DIRECTIONS FOR THIS TASK
A picture-free, exact reproduction of the listing that follows is required.

DATA SECTION

◇ ◇ ◇ ◇ ◇ ◇ ◇

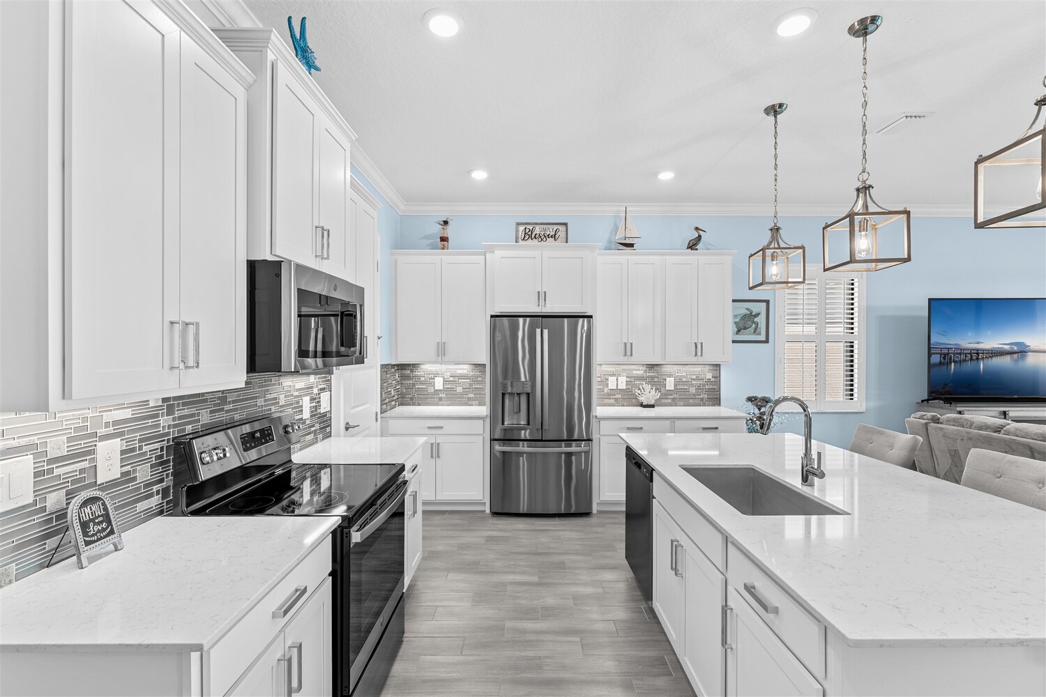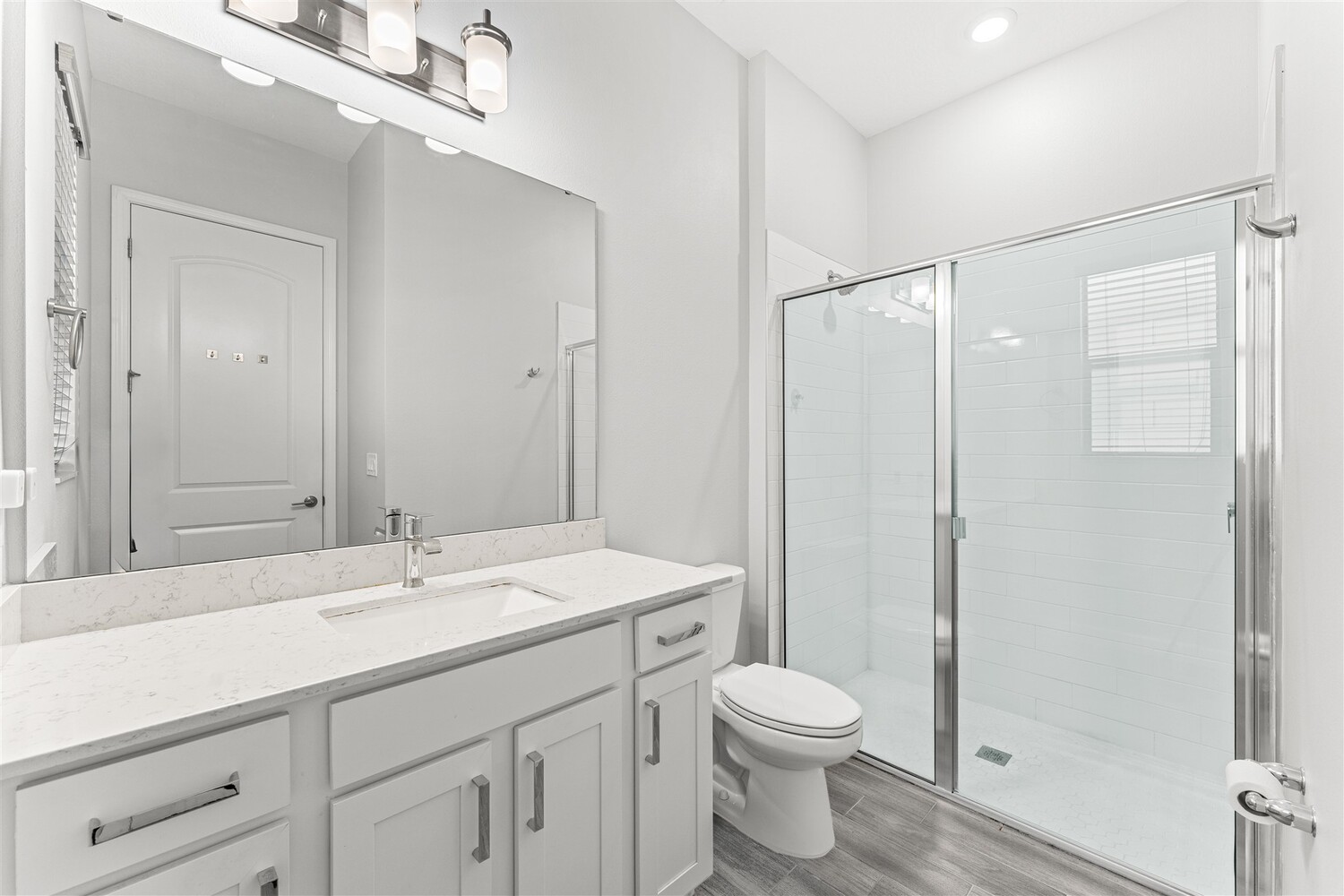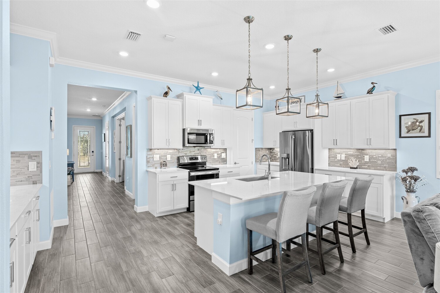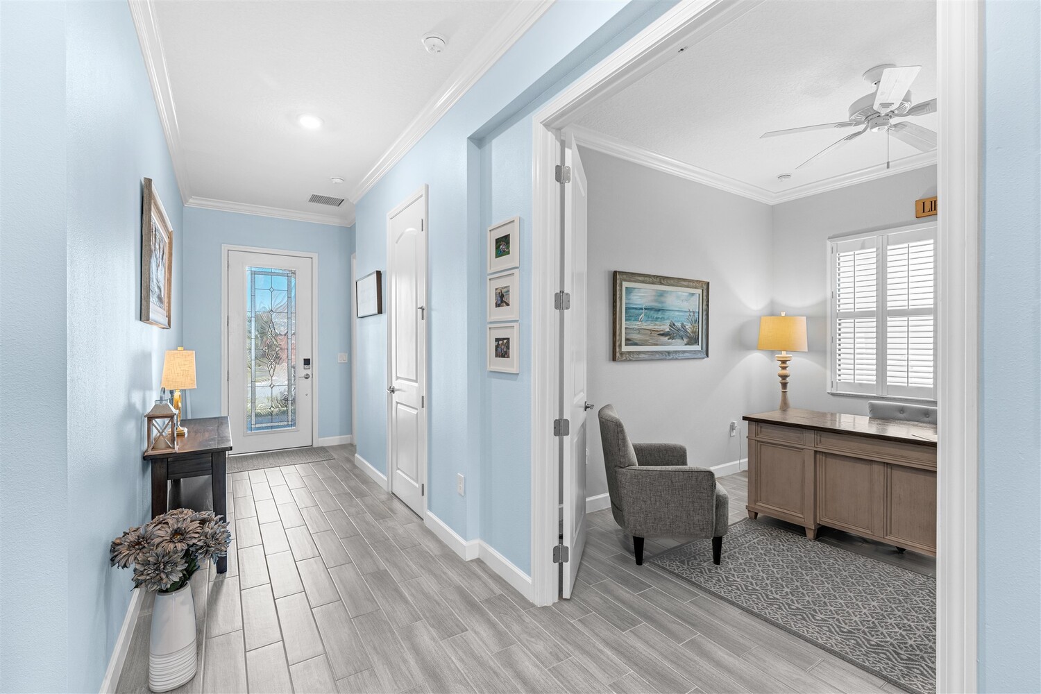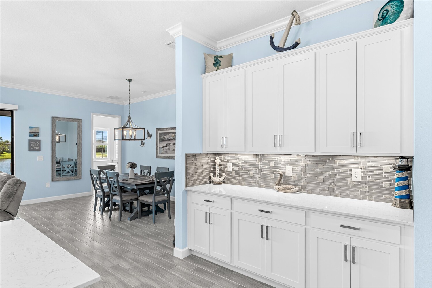 Pristine 3 bedroom plus study, 3 ½ bath home in Bridgewater, Viera's popular 55+ resort style community! Move in ready with every upgrade: new porcelain tile plank floors throughout, crown molding, plantation shutters, screened in lanai, 8' doors, epoxy garage floors and more! Perfect for guests, every bedroom is an ensuite with its own bath! Large three panel sliders in great room bring the beautiful lake views into your home and set it apart from similar key largo style homes! The outside is as meticulous as the interior with stone trim enhancing the freshly painted exterior. As you approach the home, you will notice the stone landscape beds and impact glass etched front door. Accordion shutters are on all windows and sliders and a transformer switch for a future generator add to your peace of mind. The private clubhouse offers a large heated pool and spa, fitness center, tennis & pickleball courts and a movie theater! Short drive to ocean beaches, cruise ships, shopping, dining!
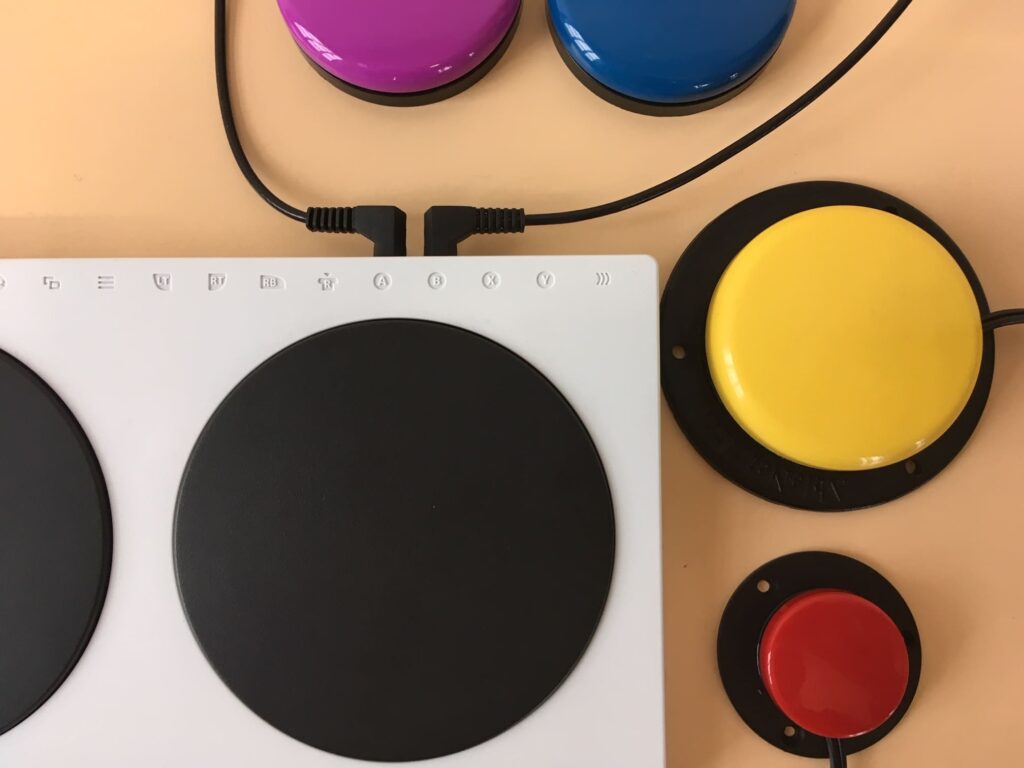 Nous avons testé des contacteurs de toutes tailles et sensibilités, tactiles ou au souffle. La manette adaptative offre la possibilité de connecter un grand nombre de contacteurs simultanément : cela permet de tester une grande variété de configurations et de positionnements possibles en une seule fois.
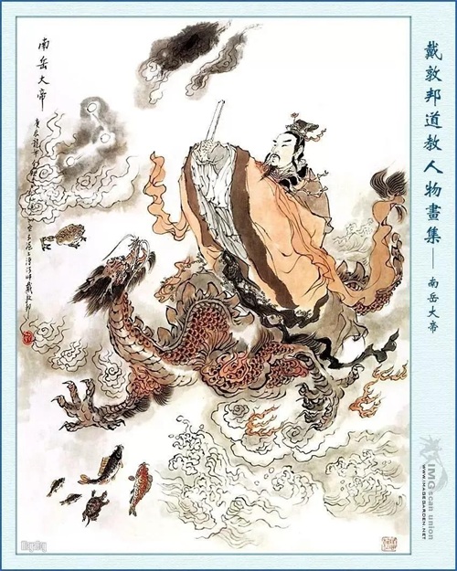 南岳大帝:南岳衡山司天昭圣大帝、南岳圣帝、司天王、司天昭圣帝、安邦护国大天尊、南岳庆华紫光注生真君。姓崇名黑虎(一说姓丹名灵峙。一说姓崇名覃,道号武真子)。坐骑为火眼金睛兽。兵器为两柄湛金斧。
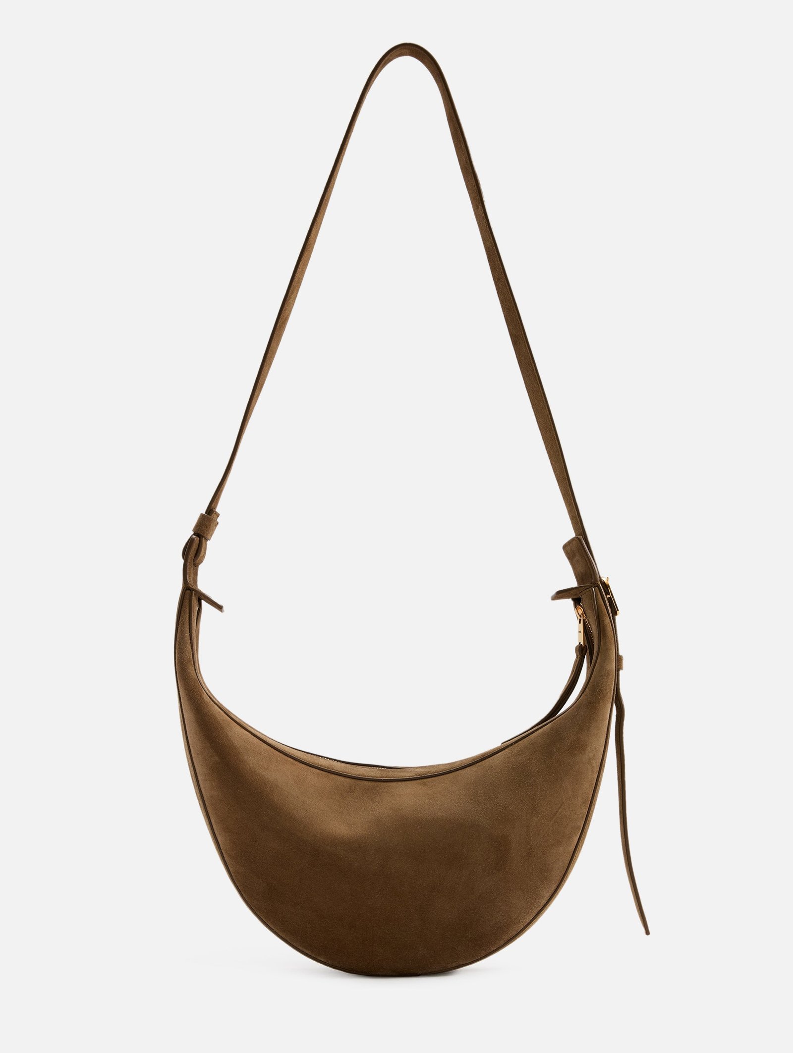 The graceful curve of this crescent-shaped hobo bag fits perfectly under your arm. Made in Italy from calfskin. the soft and slouchy silhouette has an open interior that’s secured by a zip top closure.

◇ ◇ ◇ ◇ ◇ ◇ ◇

ANSWER TO THIS TASK
 Pristine 3 bedroom plus study, 3 ½ bath home in Bridgewater, Viera's popular 55+ resort style community! Move in ready with every upgrade: new porcelain tile plank floors throughout, crown molding, plantation shutters, screened in lanai, 8' doors, epoxy garage floors and more! Perfect for guests, every bedroom is an ensuite with its own bath! Large three panel sliders in great room bring the beautiful lake views into your home and set it apart from similar key largo style homes! The outside is as meticulous as the interior with stone trim enhancing the freshly painted exterior. As you approach the home, you will notice the stone landscape beds and impact glass etched front door. Accordion shutters are on all windows and sliders and a transformer switch for a future generator add to your peace of mind. The private clubhouse offers a large heated pool and spa, fitness center, tennis & pickleball courts and a movie theater! Short drive to ocean beaches, cruise ships, shopping, dining!
 Nous avons testé des contacteurs de toutes tailles et sensibilités, tactiles ou au souffle. La manette adaptative offre la possibilité de connecter un grand nombre de contacteurs simultanément : cela permet de tester une grande variété de configurations et de positionnements possibles en une seule fois.
 南岳大帝:南岳衡山司天昭圣大帝、南岳圣帝、司天王、司天昭圣帝、安邦护国大天尊、南岳庆华紫光注生真君。姓崇名黑虎(一说姓丹名灵峙。一说姓崇名覃,道号武真子)。坐骑为火眼金睛兽。兵器为两柄湛金斧。
 The graceful curve of this crescent-shaped hobo bag fits perfectly under your arm. Made in Italy from calfskin. the soft and slouchy silhouette has an open interior that’s secured by a zip top closure.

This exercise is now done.